Наконец обратив внимание на номера кабинетов, Чарли сразу поняла, где находится. Она провела пальцами по закрытой деревянной двери. Кабинет 3, ее убежище. Мисс Киске давным-давно вышла на пенсию, но Чарли ясно слышала ее пожилой голос: «Они не смогут дразнить гусей, если ты не покажешь им, где птичник». Чарли до сих пор не до конца понимала, о чем это. Но можно было предположить, что речь шла о многочисленном клане Кулпепперов, которые неутомимо донимали Чарли, когда она наконец вернулась в школу.

А может, тренер школьной команды по женскому баскетболу по имени Этта Киске и сама не понаслышке знала, каково быть объектом насмешек.

Никто не мог посоветовать Чарли, что делать в сегодняшней ситуации. Впервые со времен колледжа она переспала с незнакомцем. Перепихнулась в машине, если точнее. Вообще подобное было совсем не в ее стиле. Она не ходила по барам. Она не напивалась. Она по большому счету не совершала ошибок, о которых потом жалела. По крайней мере до недавних пор.

Жизнь ее покатилась под откос в августе прошлого года. С тех пор почти все время, когда бодрствовала, Чарли совершала ошибку за ошибкой. Очевидно, наступивший месяц май не сулил улучшения ситуации. Ошибки теперь начинались еще до того, как она вставала с кровати. Проснувшись сегодня утром, она лежала, глядя в потолок и пытаясь убедить себя, что прошлой ночью ничего не было, но тут в сумке зазвенел незнакомый рингтон.

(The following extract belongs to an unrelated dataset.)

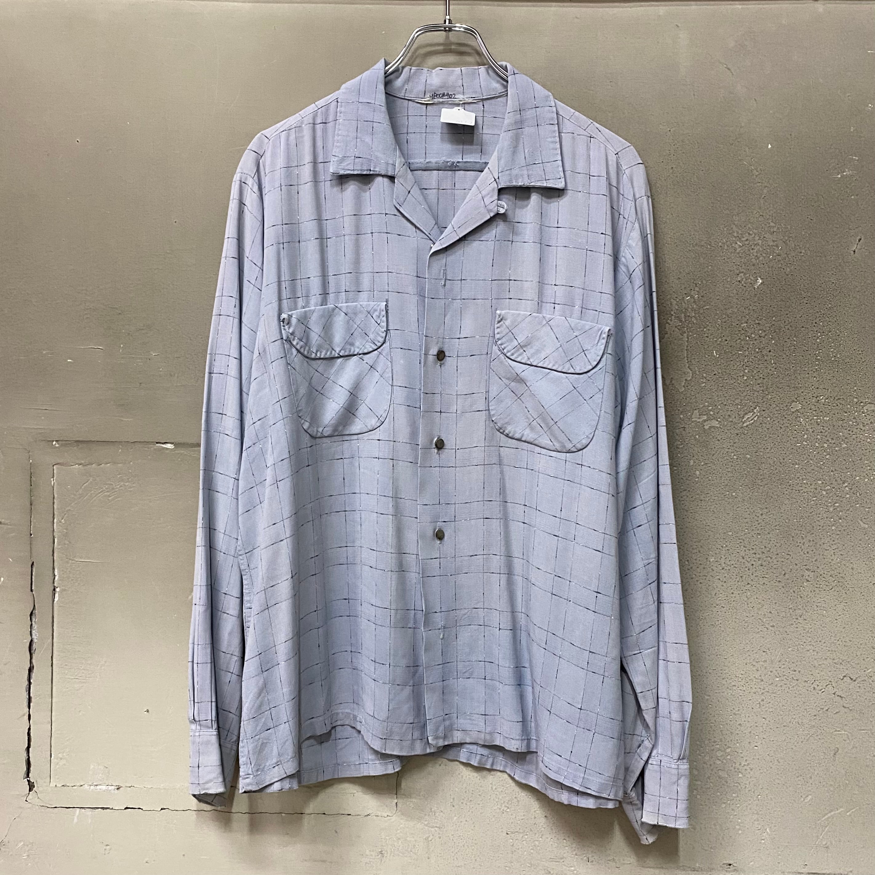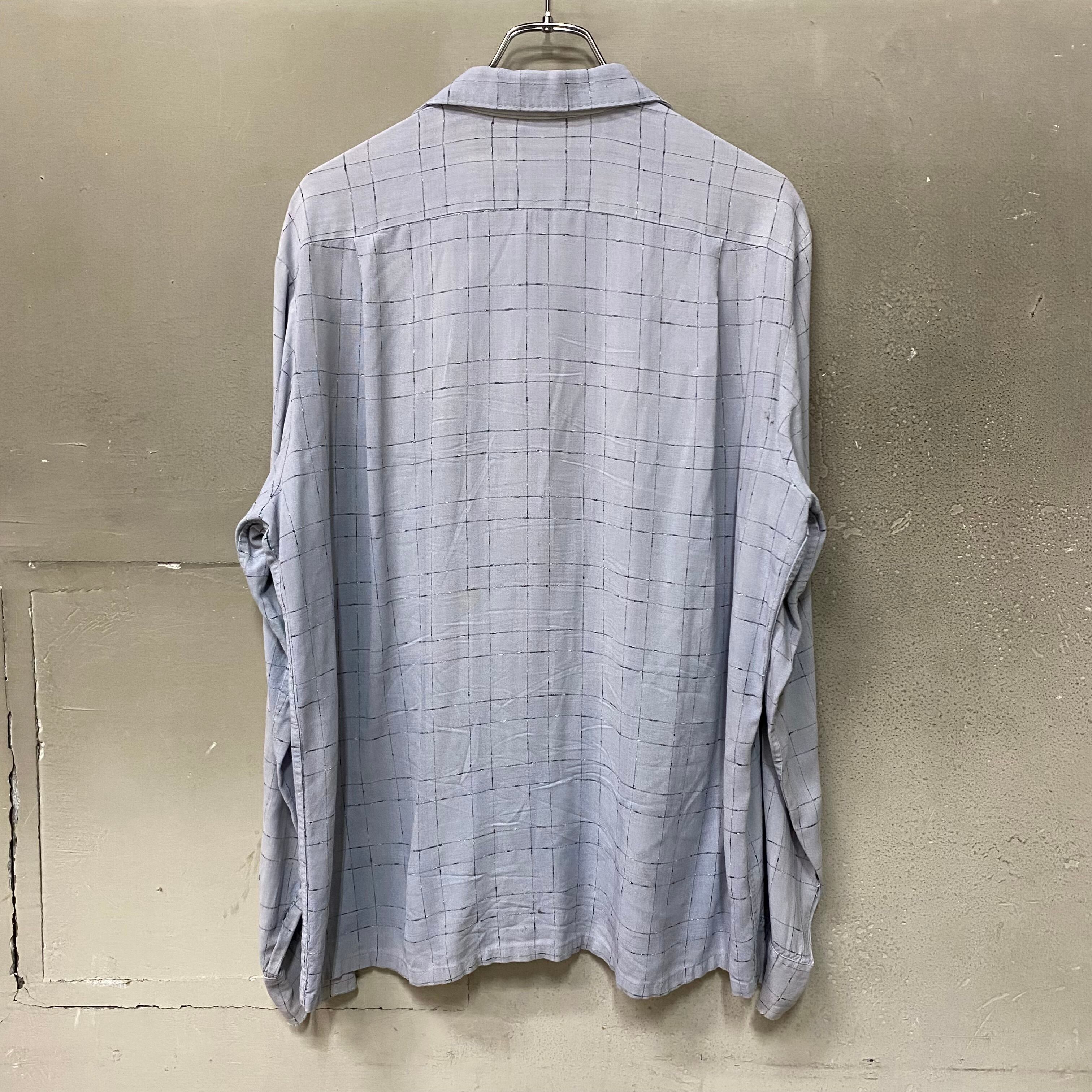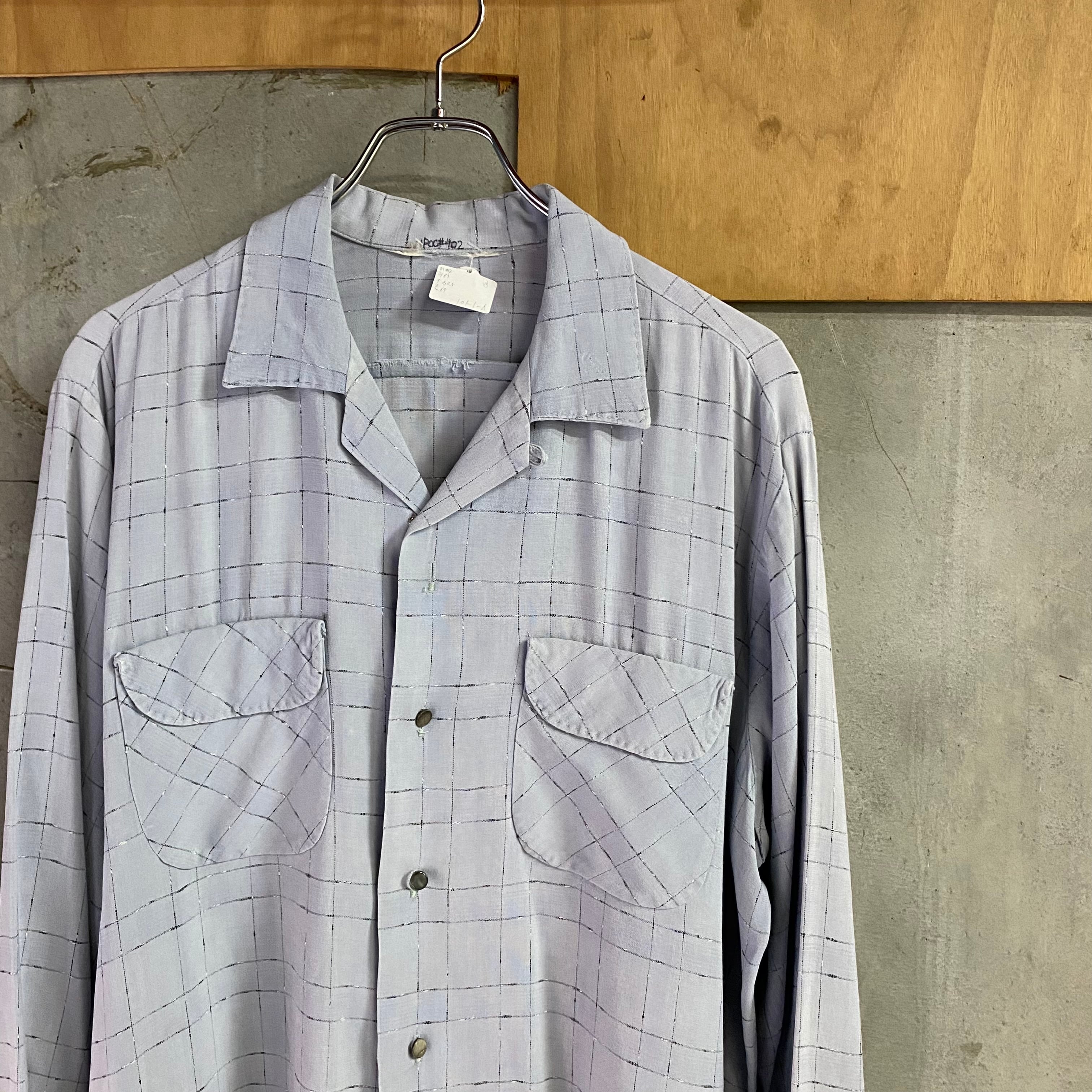 【カスリ】50’s Vintage Rayon Gabardine Open Collar Shirt
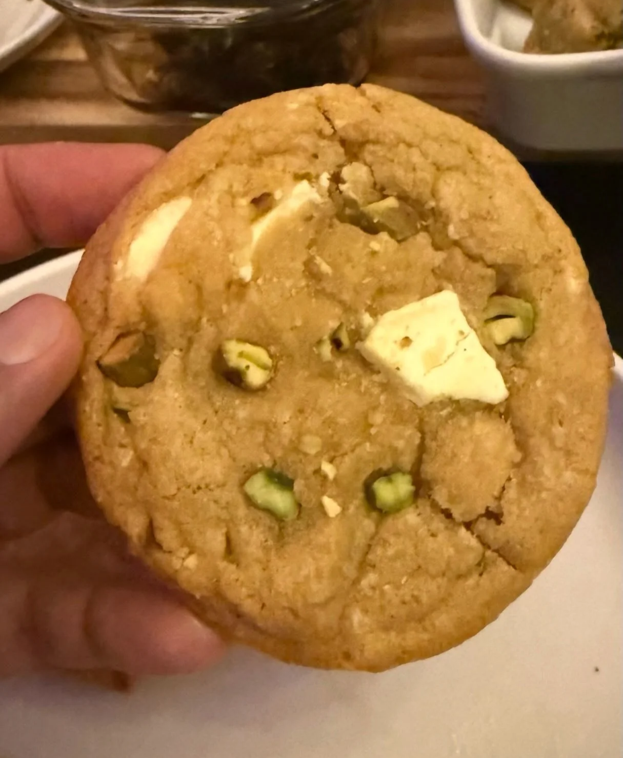 lemony pistachio white chocolate chip cookies

Она взяла трубку, потому что мысль завернуть телефон в фольгу, кинуть его в мусорку у офиса, купить новый и восстановить свои данные из бэкапа пришла ей в голову только тогда, когда она уже сказала «Алло».

За звонком последовал короткий разговор, который только и мог состояться между двумя незнакомыми людьми: «Привет, девушка, чье имя я, наверное, спрашивал, но сейчас не помню. Похоже, у меня твой телефон».

Чарли предложила встретиться у него на работе, потому что не хотела, чтобы он узнал, где она живет. Или работает. Или на какой машине ездит. Прежде чем Чарли села на него верхом – а тело у него было, надо признать, превосходное – в его пикапе, ей казалось, что он представился то ли автослесарем, то ли фермером. Потом, когда он сообщил, что работает учителем, Чарли нарисовала себе картинку из «Общества мертвых поэтов». Но после уточнения, что он преподает в средней школе, она вдруг без всякой причины сделала вывод, что он педофил.

– Сюда. – Он стоял у открытой двери в дальнем конце коридора.

Как по команде, на потолке включились флуоресцентные лампы, а они, подумала Чарли, подсвечивают все недостатки. Она тут же пожалела, что надела потрепанные джинсы и линялую футболку с длинными рукавами и логотипом баскетбольной команды «Дьюк Блю Девилс».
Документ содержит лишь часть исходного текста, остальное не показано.